### Work request:
Transcribe the records verbatim, images excluded.

### Material for the task:

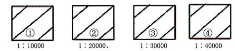 4、单选题 下面四幅等高线图,等高线的数值皆由左上方向右下方递减,且等高距皆为50米,则其坡度由大到小的排序是(?)
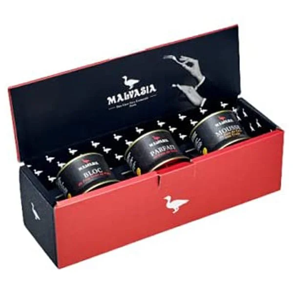 Caja regalo con 3 latas de parfait de foie de pato, foie gras de pato y mousse de foie de pato con trufa.
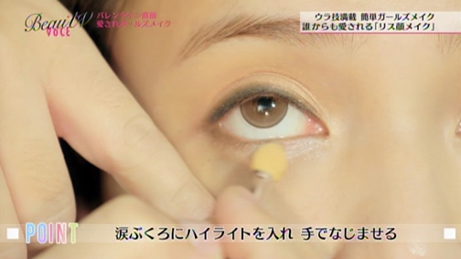 (5)涙袋にハイライトを入れ、手でなじませる。
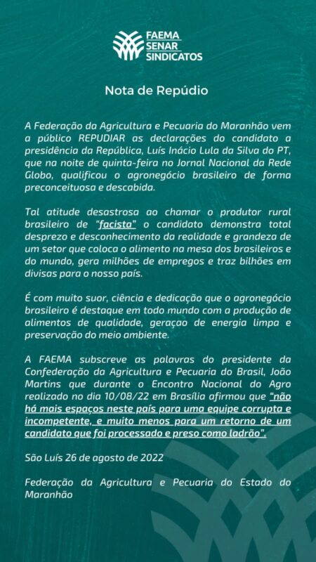 O Sistema Faema/Senar, formado pela Federação da Agricultura do Maranhão e Serviço Nacional de Aprendizagem Rural, em nota divulgada sexta-feira (26) repudiou a fala do ex-presidente Lula, que em entrevista ao Jornal Nacional da última quinta-feira (25) tratou os empresários do agronegócio de maneira preconceituosa. Lula disse que os agropecuaristas são a favor do desmatamento e ideologicamente têm comportamento fascista.
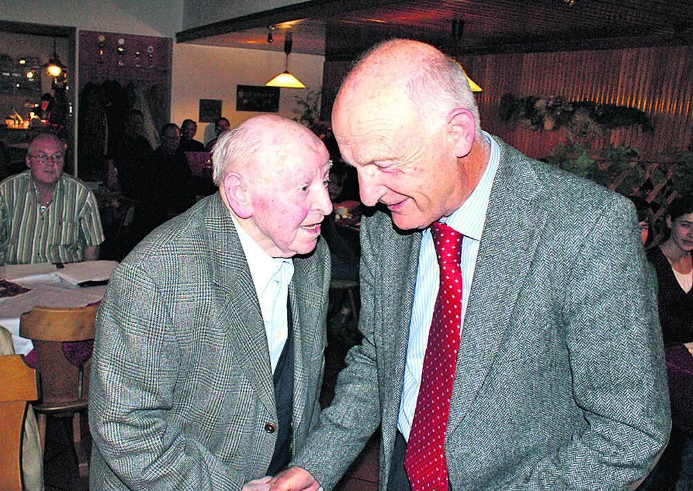 Der Ehrenvorsitzende des TSV Betzingen Dr. Otto Binder (rechts), der bei der Hauptversammlung für 60 Jahre Treue zum Verein geehrt wurde, gratuliert seinem Sportlerkollegen Ernst Göhring: Er ist seit rekordverdächtigen 80 Jahren Mitglied im TSV.

### Task result:
 4、单选题 下面四幅等高线图,等高线的数值皆由左上方向右下方递减,且等高距皆为50米,则其坡度由大到小的排序是(?)
 Caja regalo con 3 latas de parfait de foie de pato, foie gras de pato y mousse de foie de pato con trufa.
 (5)涙袋にハイライトを入れ、手でなじませる。
 O Sistema Faema/Senar, formado pela Federação da Agricultura do Maranhão e Serviço Nacional de Aprendizagem Rural, em nota divulgada sexta-feira (26) repudiou a fala do ex-presidente Lula, que em entrevista ao Jornal Nacional da última quinta-feira (25) tratou os empresários do agronegócio de maneira preconceituosa. Lula disse que os agropecuaristas são a favor do desmatamento e ideologicamente têm comportamento fascista.
 Der Ehrenvorsitzende des TSV Betzingen Dr. Otto Binder (rechts), der bei der Hauptversammlung für 60 Jahre Treue zum Verein geehrt wurde, gratuliert seinem Sportlerkollegen Ernst Göhring: Er ist seit rekordverdächtigen 80 Jahren Mitglied im TSV.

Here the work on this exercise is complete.